Experiencing the death of a loved one is inevitable, and grief is a natural response. Most older adults are resilient and recover their pre-loss functioning within one year. However, in a significant minority, acute grief (AG) becomes unusually protracted, intense, and debilitating, resulting in complicated or prolonged grief (CG), a unique and recognizable condition. The public health consequences of CG are enormous, and include negative medical, cognitive, and cognitive health outcomes, and an increased risk of suicide. Despite the magnitude of this problem, we cannot distinguish those who are resilient and will successfully transition to integrated grief within one year from those who are prone to CG trajectories. Neurobiological markers that can characterize the clinical course for those experiencing AG following a major loss are critically needed. Such biomarkers that would, in the future, aid the predictive validity of the construct of CG have not been identified. The emotion regulation (ER) theory has been used to explain the neurobiological underpinnings of grief and related symptoms. Accordingly, an intact ER neural system could play an important role in coping with grief, separation distress including sadness, and eventual acceptance of the loss. Our central hypothesis is that, in older adults with AG, brain network function features of emotion dysregulation are early and critical measures of heterogeneous grief trajectories and persistence of CG symptoms. Specifically, we theorize that amygdala hyperactivity and enhanced amygdala-frontal functional connectivity relates to worsening complicated grief symptom trajectories in older individuals with acute grief. To achieve our objective, a total of 170 older adults (>60 years of age) will be enrolled into the following groups that are equated for age and gender: (1) AG (n=115) and (2) healthy comparison (HC) (n=55) subjects. This study employs a longitudinal design wherein the following aims will be completed:
Aim 1. To determine the ER brain network function features of acute grief. Extensive clinical and neuroimaging assessments will be conducted at baseline in AG and HC participants.
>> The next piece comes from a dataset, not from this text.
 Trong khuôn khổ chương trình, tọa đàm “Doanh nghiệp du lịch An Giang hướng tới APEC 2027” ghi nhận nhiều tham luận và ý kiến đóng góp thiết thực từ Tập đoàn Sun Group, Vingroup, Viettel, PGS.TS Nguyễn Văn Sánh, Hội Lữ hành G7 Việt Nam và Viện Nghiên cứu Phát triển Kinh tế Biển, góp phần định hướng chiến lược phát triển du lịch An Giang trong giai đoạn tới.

Aim 2. To characterize the clinical trajectories using baseline ER brain network function features in AG. The AG and HC participants from Aim 1 will be followed longitudinally for one year with serial clinical assessments to evaluate multidimensional symptom trajectories and identify those with CG at one year.
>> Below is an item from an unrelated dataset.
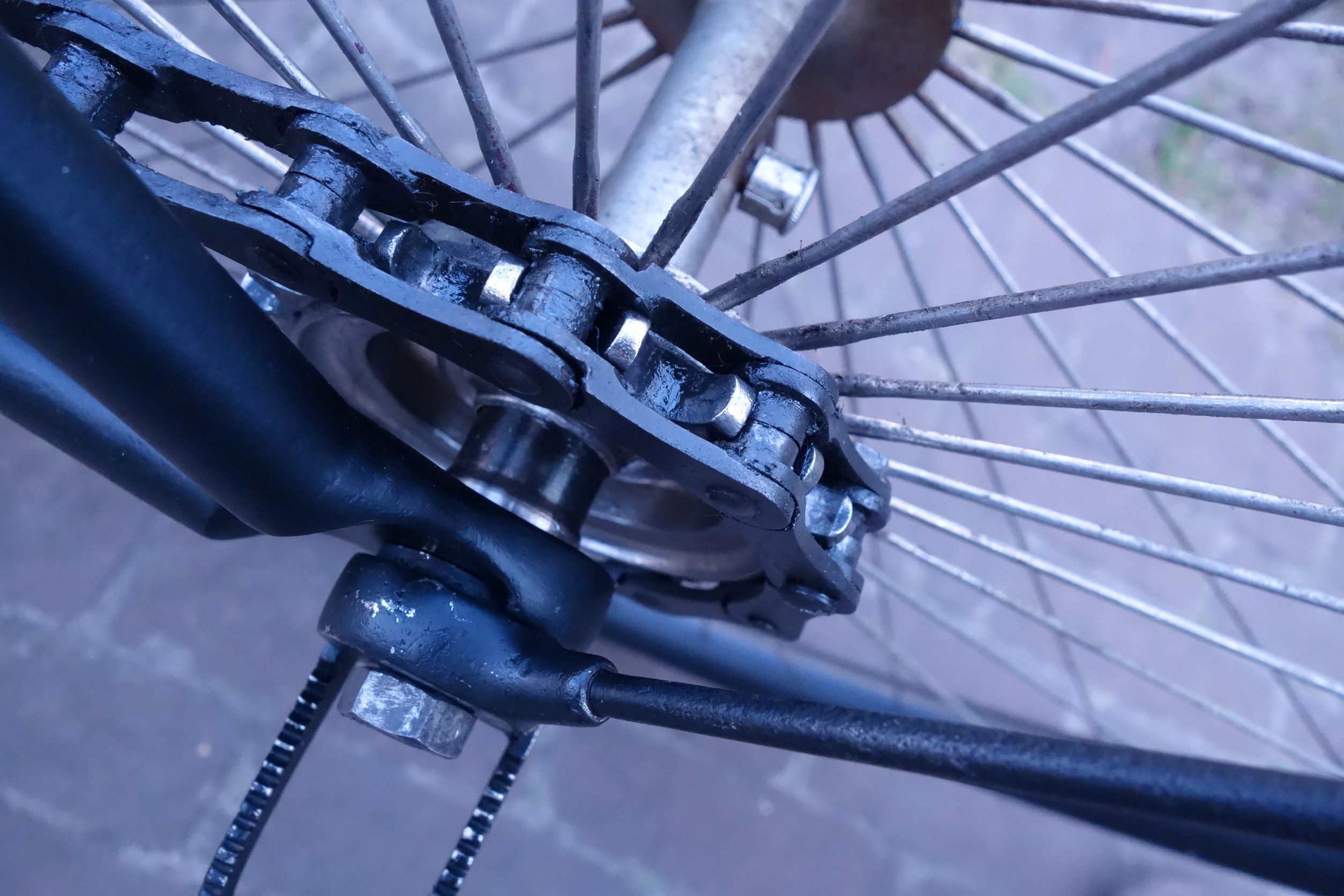 Voordeel is dat bij opstappen via het stepje je broekspijp rechts niet de ketting kan raken als je je rechter been over de fiets gooit.

Aim 3. To explore the relationships between ER brain network changes and clinical trajectories. AG and HC participants will complete a second brain MRI to quantify ER brain network function measures at one year. We expect to identify brain network function biomarkers of emotion dysregulation that, in the future, could serve as predictors of pathological grief symptom trajectories and CG persistence in older adults following bereavement. In the future, these biomarkers could also serve as novel targets for treatment or prevention strategies in older AG subjects at risk for a maladaptive grief response and CG development.
After losing a loved one, most older adults are resilient and return to normal functioning within a year; however, in some individuals acute grief becomes intense, protracted, and debilitating, leading to complicated or prolonged grief. This novel study is anticipated to provide evidence that specific abnormalities in the emotion regulation brain circuitry could, in the future, serve as neurobiological indicators of complicated grief. Such biomarkers could also be used to test the efficacies of treatment or prevention strategies that aim to prevent the development of complicated grief in older acutely grieving individuals.